Significant funding announced for a new living donor programme

We’re delighted to announce that we have been awarded significant funding for a new five-year programme around living kidney donation.

Kidney Research UK, the country’s largest kidney research charity, will join forces with the Give a Kidney team to deliver the programme. Together,
the two charities will deliver the UK-wide programme, from helping more people understand what it means to be a living donor, to supporting them throughout their donation journey.

The programme has been made possible thanks to the vision and support of businessman and philanthropist Dr David Dangoor, who has personal experience of living kidney donation, having previously donated a kidney to his brother Robert.

Kidney Research UK and Give a Kidney will also be working with NHS Blood and Transplant throughout the planning and delivery of the programme.

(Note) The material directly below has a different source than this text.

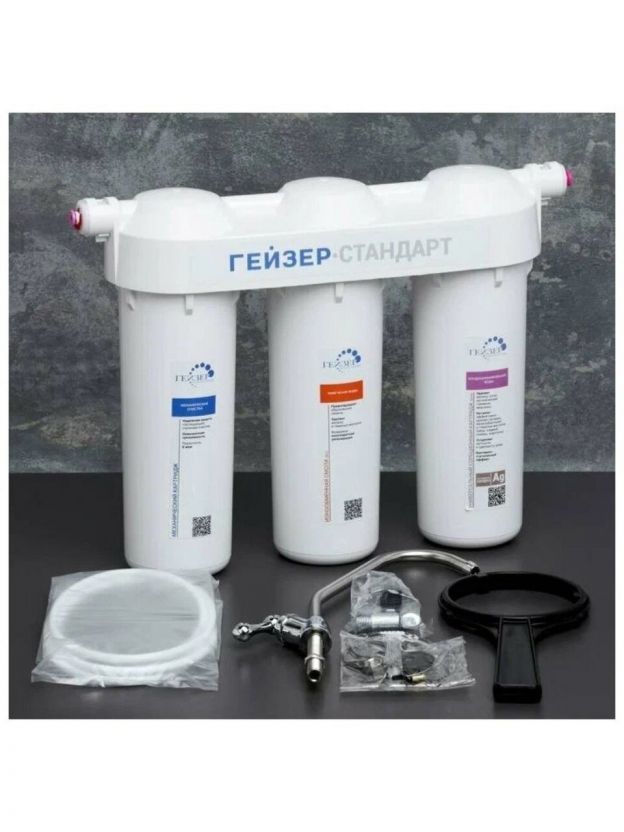 Фильтр Гейзер Стандарт для жесткой воды состоит из 3 картриджей:

Worldwide, kidney diseases are the tenth most common cause of death and in the UK more than 5,000 people are currently on the waiting list for a kidney transplant, which equates to over three quarters of people waiting for a transplant. Despite ongoing work to encourage kidney donation from both living and deceased donors, around six people still die each week waiting for a transplant.

Bob Wiggins, Chair and Trustee of Give a Kidney, said: “This is a milestone moment for Give a Kidney and one which is the culmination of much of the work undertaken over the past years by ourselves and our previous staff and trustees. This programme will allow us to amplify much of the work we already do to raise awareness and support potential donors, but with significantly increased resources behind it and will also give us the opportunity to take a significant step forward with new activity. We are thrilled to be working in partnership with Kidney Research UK who bring a wealth of expertise, knowledge and skill to the new programme.”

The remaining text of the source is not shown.